Healing and destruction.

And someday, completion, at least, for us, one by one.

At some point, each of us must stop and ponder: what is life.

Multiple flavors. Wrapped up in one package from the start: our moment of birth. No expectation, no preconception, no reflection. All future. Good start  right from the start.

Start thinking

This is the last of the Trilogy: Start seeing, start hearing and start thinking.

It’s the hardest, because the end product of thinking is acting.

Acting means change. Change brings dissonance and discomfort.

Our faculty is quite limited: we are conditioned to respond in Pavlovian way.
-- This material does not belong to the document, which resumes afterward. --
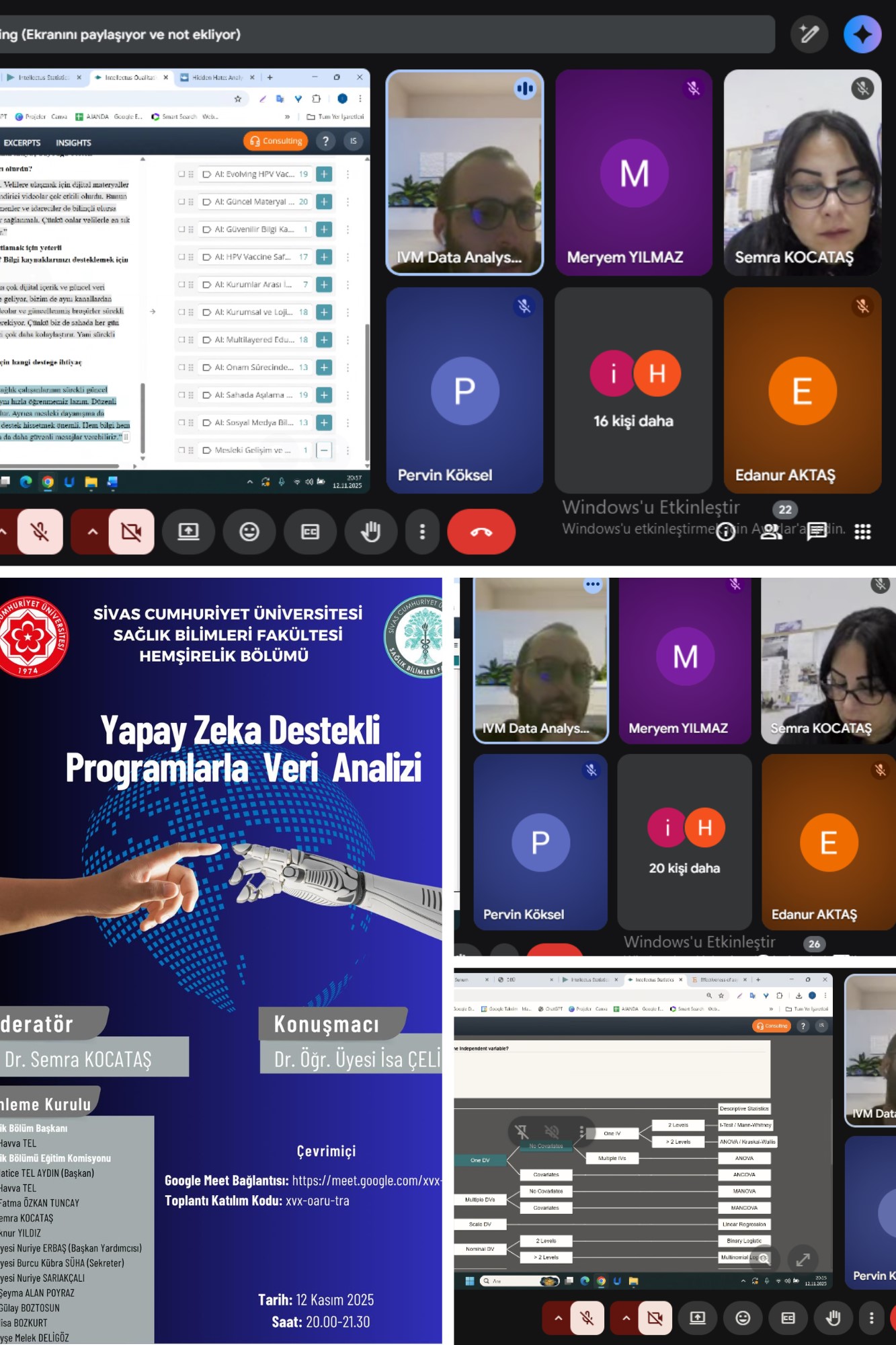 Sivas Cumhuriyet Üniversitesi Sağlık Bilimleri Fakültesi Hemşirelik Bölümü Eğitim Komisyonu tarafından 12 Kasım 2025 tarihinde “Yapay Zeka Destekli Programlarla Veri Analizi” konulu çevrim içi eğitim programı gerçekleştirilmiştir.

Group think. Similar to   Adam Smith’s unseen hand that regulates the market, there are underpinnings that regulate our thinking e.g. sub-conscious, upbringing, gene pool and the times we live in.

We find ourselves respond instinctively to rising gas price, to the latest poll and pulse.

Independent and critical thinking require courage of conviction.

Men are social animals.

The thinking man is boxed in and labeled as “philosopher”.

The image is quiet nerdy.

Reclusive and esoteric.

Who wants to hang out with all-hair guy whose response seems to have a built-in three-second delay.

Not fast enough.

We want automatic and reflexive feedback (like an vacation auto reponse email).

Preferably measurable one.

From A to B, we draw a shortest line.

Philosophers and physicists don’t necessary agree with this.

To them, there are various shades of grey.

We rather live as common people and seek comfort in numbers.

To think different is to be isolated, if not ostracized.

Yet we need thinking men and women.

They question how we should then live.

Is this the best way to look at things.

Is this THE way or just one of the many ways.

What are some other ways to skin a cat.

Unless we learn to think for ourselves, others will do for us.

Conformity by default (same with no-show during an election).

Being self-disruptive is an antidote to social decline.

Start thinking. It hurts at times.

It is lonely as well.

But it’s healthy and in the long-term, that’s the only way to survive in an age of intelligent machine.

Software will eat our lunch. But we can still use software to prepare our tomorrow’s lunch.

If we start thinking. Hard. Now. Before it’s too late. The greatest tragedy in life is wasted talent (implied THINKING).